Your copy of the data should leave out the images and match everything else exactly.

**MATERIAL PROVIDED**
[Start of Attachment]
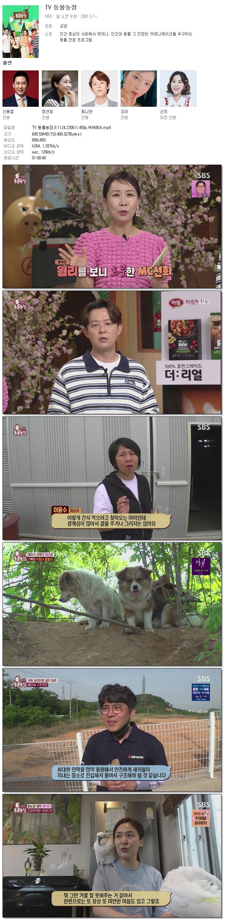 | TV 동물농장.E1124.230611.450p.WANNA.mp4 | 699.5 M | 01:08:40 | 800x450 |
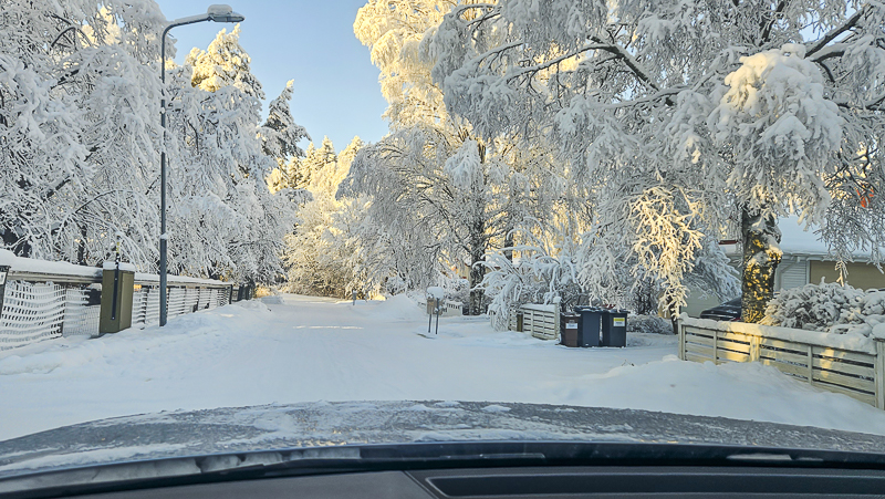 Palasin vähän etuajassa, yhden suunnitelman mukaanhan oli tarkoitus että Pehtoorikin olisi tullut sinne jo torstaina, mutta tilanteet muuttuivat moneen kertaan, niin päätimme, että hän ei tulekaan tällä kertaa ollenkaan ja minä lähden alkuperäissuunnitelmaa aiemmin ajelemaan kotiin. Oltiinkin miehen kanssa edellisen kerran oltu näin pitkä pätkä eri paikkakunnilla sellaiset 43 vuotta sitten. Silloin Pehtoori oli tilausajoreissulla Ranskassa vähän reilun pari viikkoa ja minä olin Oulussa (töissä). Nyt siis 10 päivää eri osoitteissa. Mutta lauantaiaamuna kuudelta lähdin pimeän, aution, pakkasen hyydyttämän Järvenpään majapaikasta kohti koti. Huolimatta että etelän hiihtolomalaisia oli teillä niin aika sujuvasti pääsin huurruuttelemaan; 7 ½ tuntia on tyttären perheen ja meidän välissä.
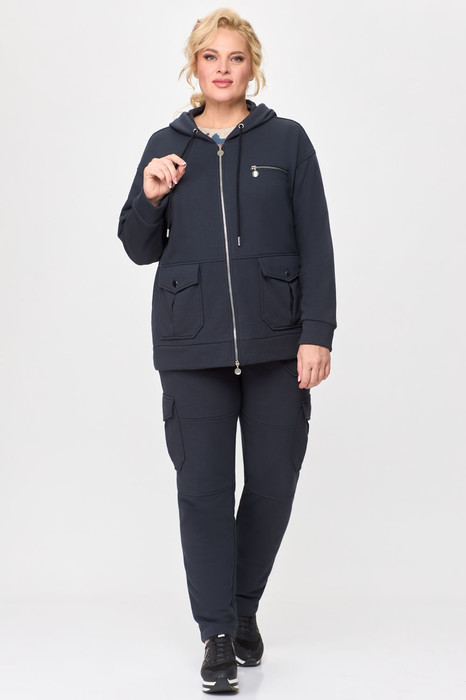Жакет прямого силуэта со спущенной линией плеча на молнии, с капюшоном. По деталях переда в нижней части накладные карманы со встречной складкой и клапаном. В верхней части слева декоративный карман на молнии.
[End of Attachment]
**SOLUTION FOR THIS PROBLEM**
 | TV 동물농장.E1124.230611.450p.WANNA.mp4 | 699.5 M | 01:08:40 | 800x450 |
 Palasin vähän etuajassa, yhden suunnitelman mukaanhan oli tarkoitus että Pehtoorikin olisi tullut sinne jo torstaina, mutta tilanteet muuttuivat moneen kertaan, niin päätimme, että hän ei tulekaan tällä kertaa ollenkaan ja minä lähden alkuperäissuunnitelmaa aiemmin ajelemaan kotiin. Oltiinkin miehen kanssa edellisen kerran oltu näin pitkä pätkä eri paikkakunnilla sellaiset 43 vuotta sitten. Silloin Pehtoori oli tilausajoreissulla Ranskassa vähän reilun pari viikkoa ja minä olin Oulussa (töissä). Nyt siis 10 päivää eri osoitteissa. Mutta lauantaiaamuna kuudelta lähdin pimeän, aution, pakkasen hyydyttämän Järvenpään majapaikasta kohti koti. Huolimatta että etelän hiihtolomalaisia oli teillä niin aika sujuvasti pääsin huurruuttelemaan; 7 ½ tuntia on tyttären perheen ja meidän välissä.
Жакет прямого силуэта со спущенной линией плеча на молнии, с капюшоном. По деталях переда в нижней части накладные карманы со встречной складкой и клапаном. В верхней части слева декоративный карман на молнии.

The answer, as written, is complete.